I have following query:
SELECT
Sum(fact_individual_re.quality_hours) AS C0,
dim_gender.name AS C1,
dim_date.year AS C2
FROM
fact_individual_re
INNER JOIN dim_date ON fact_individual_re.dim_date_id = dim_date.id
INNER JOIN dim_gender ON fact_individual_re.dim_gender_id = dim_gender.id
GROUP BY dim_date.year,dim_gender.name
ORDER BY dim_date.year ASC,dim_gender.name ASC,Sum(fact_individual_re.quality_hours) ASC
When explaining it's plan, HASH JOIN is taking most time. Is there any way to minimize the time for HASH JOIN:
Sort (cost=190370.50..190370.55 rows=20 width=18) (actual time=4005.152..4005.154 rows=20 loops=1)
Sort Key: dim_date.year, dim_gender.name, (sum(fact_individual_re.quality_hours))
Sort Method: quicksort Memory: 26kB
-> Finalize GroupAggregate (cost=190369.07..190370.07 rows=20 width=18) (actual time=4005.106..4005.135 rows=20 loops=1)
Group Key: dim_date.year, dim_gender.name
-> Sort (cost=190369.07..190369.27 rows=80 width=18) (actual time=4005.100..4005.103 rows=100 loops=1)

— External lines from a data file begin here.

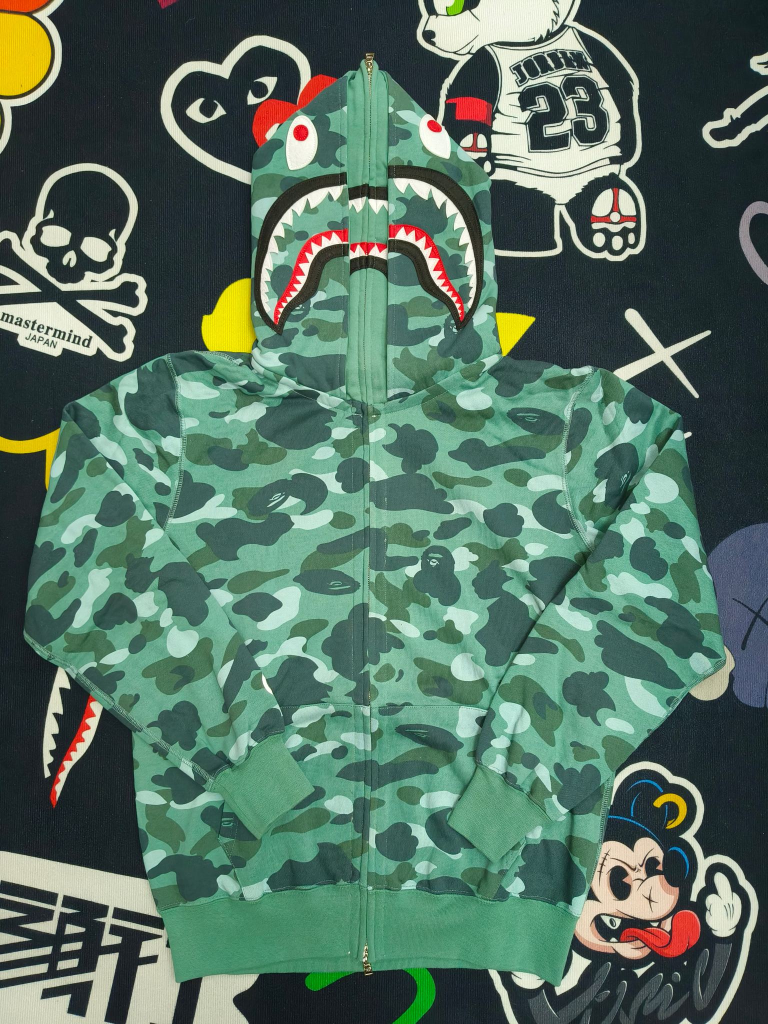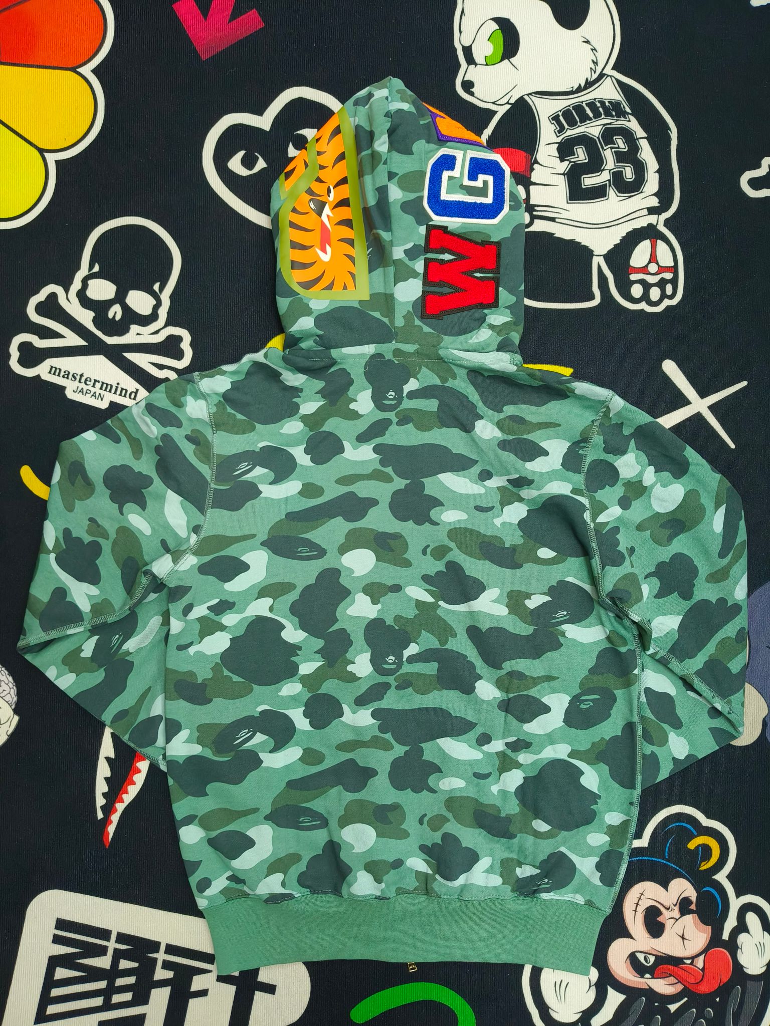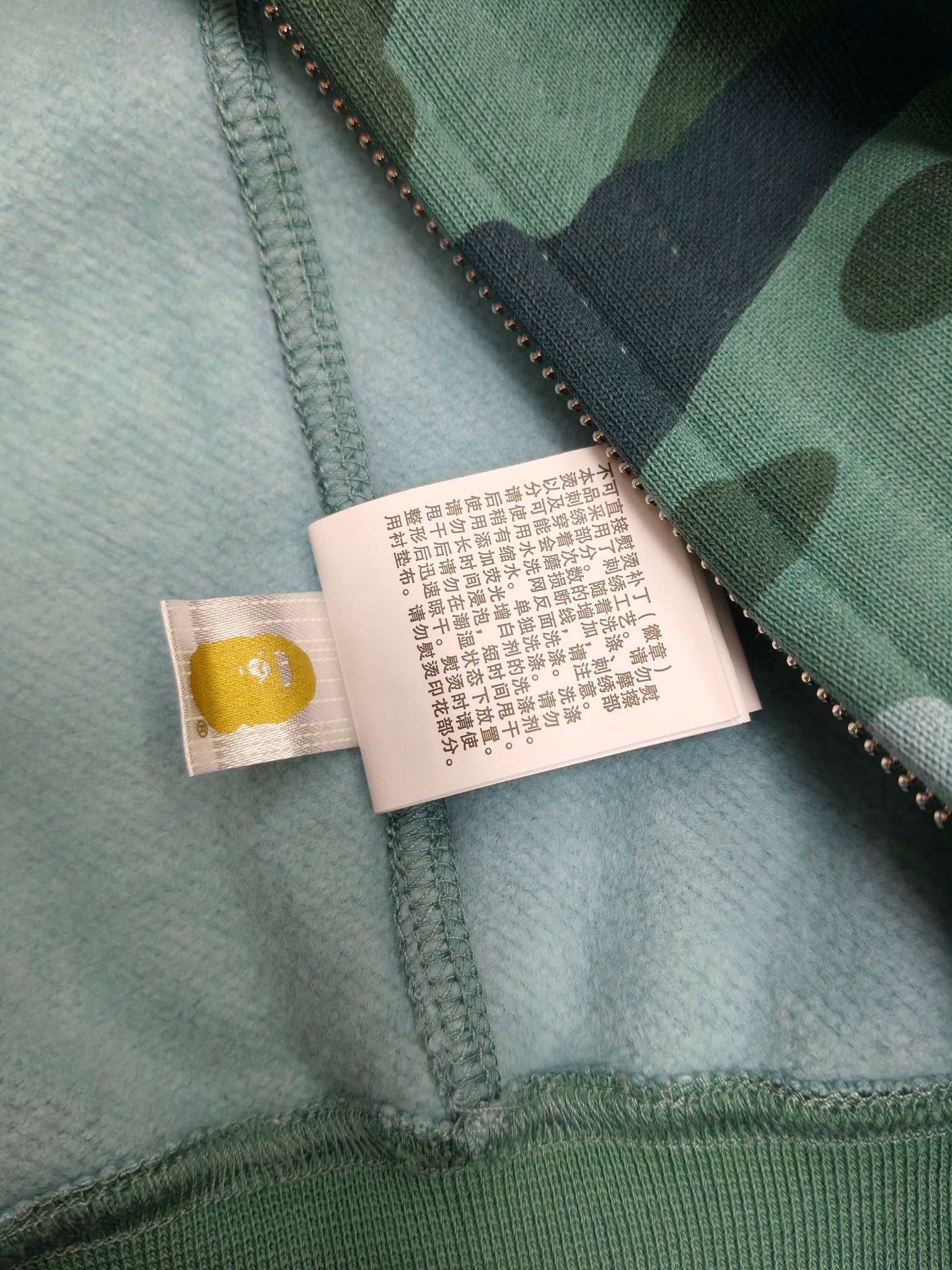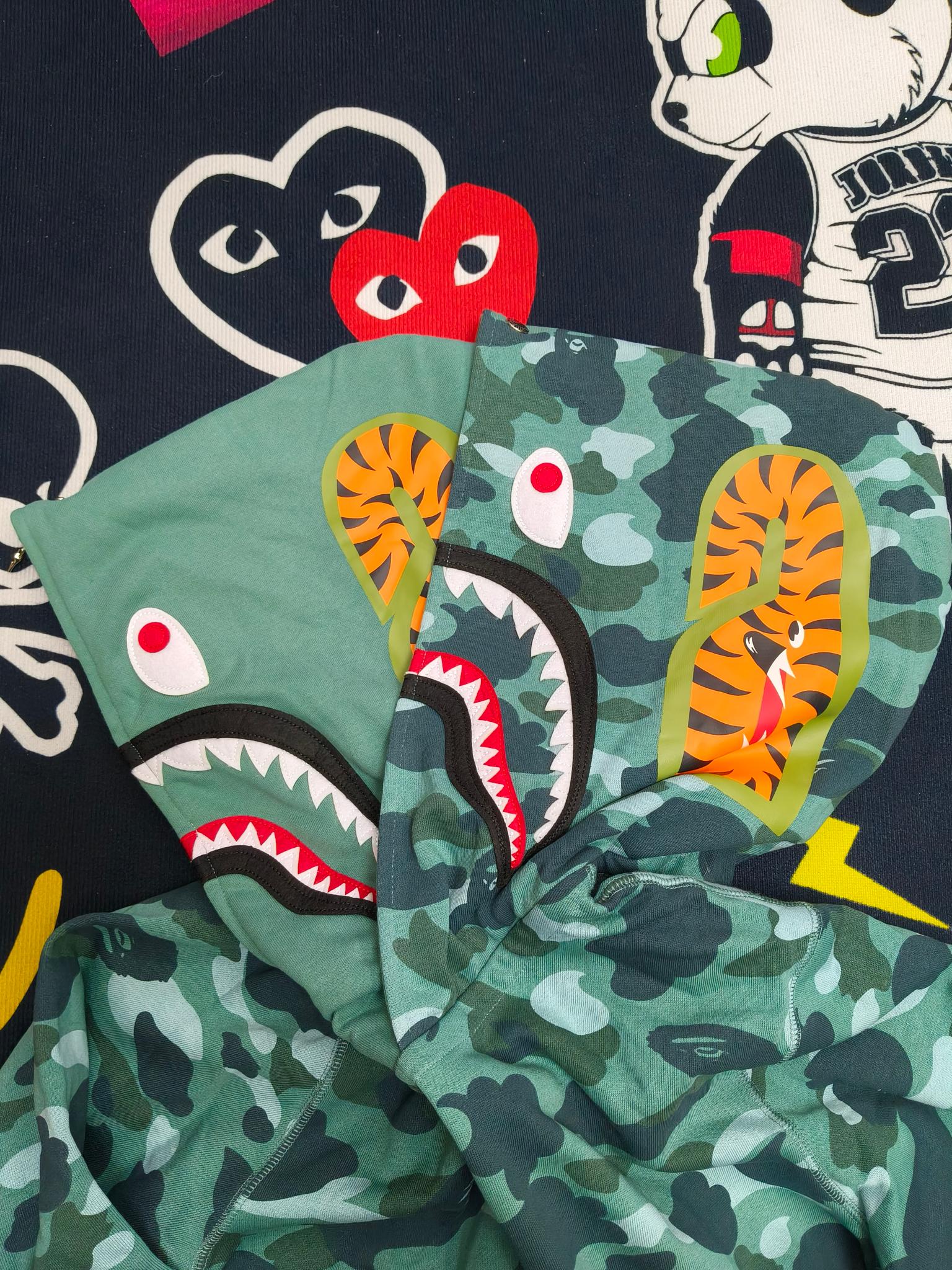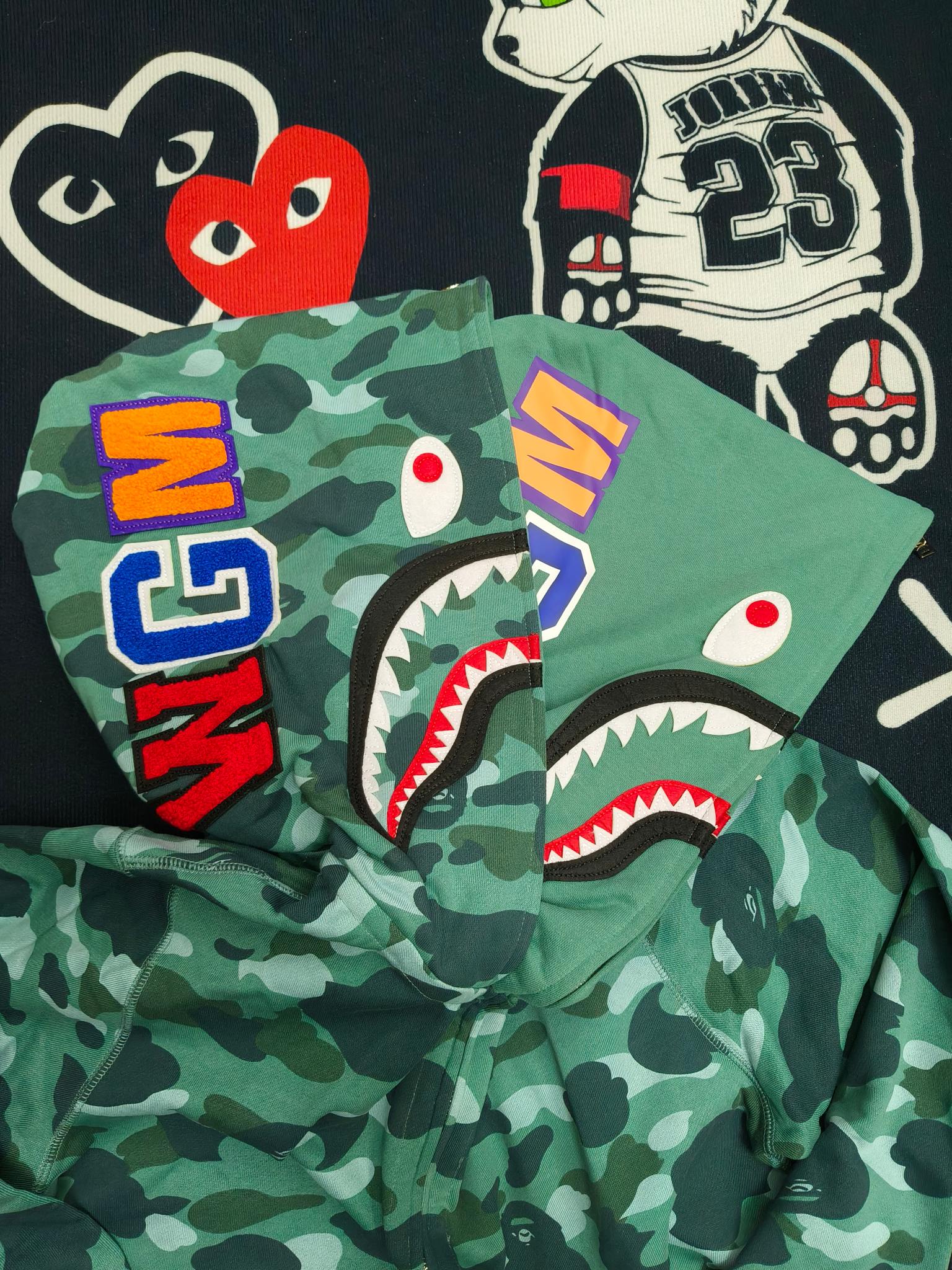 這款衣服是AAAAA 1:1 質量(非常棒). 使用了和原版一模一樣的材料. 商標部分也保持了和Bape一樣. 圖片拍攝是實物衣服拍攝, 您所收到的實物保證和我們圖片一模一樣.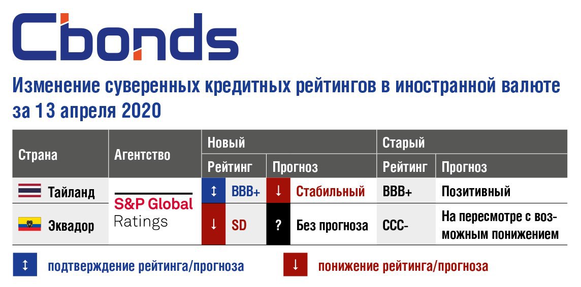 Вчера, 13 апреля, были проведены следующие рейтинговые действия: S&P Global Ratings подтвердил рейтинг Тайланда, понизив прогноз до стабильного, понизил рейтинг Эквадора до «SD» без присвоения прогноза.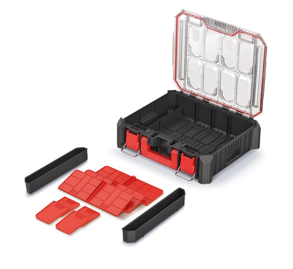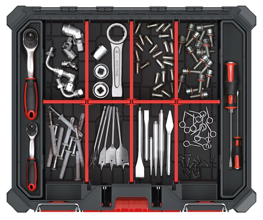 Un agencement intérieur astucieux avec 2 bacs séparés et 7 compartiments amovibles facilite l’organisation des vis, chevilles, forets et petits accessoires. Un joint de qualité empêche l’intrusion de poussière et d’eau, protégeant ainsi les objets stockés. Des charnières métalliques et des clips ABS solides maintiennent le couvercle bien fermé, et la poignée ergonomique assure un transport confortable.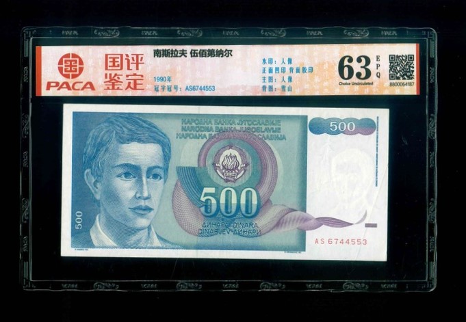 1990 南斯拉夫 500 Dinara PACA 63 EPQ 編號:AS6744553

Sort Key: dim_date.year, dim_gender.name
Sort Method: quicksort Memory: 32kB
-> Gather (cost=190358.34..190366.54 rows=80 width=18) (actual time=4004.966..4005.020 rows=100 loops=1)
Workers Planned: 4
Workers Launched: 4
-> Partial HashAggregate (cost=189358.34..189358.54 rows=20 width=18) (actual time=3885.254..3885.259 rows=20 loops=5)
Group Key: dim_date.year, dim_gender.name
-> Hash Join (cost=125.17..170608.34 rows=2500000 width=14) (actual time=2.279..2865.808 rows=2000000 loops=5)
Hash Cond: (fact_individual_re.dim_gender_id = dim_gender.id)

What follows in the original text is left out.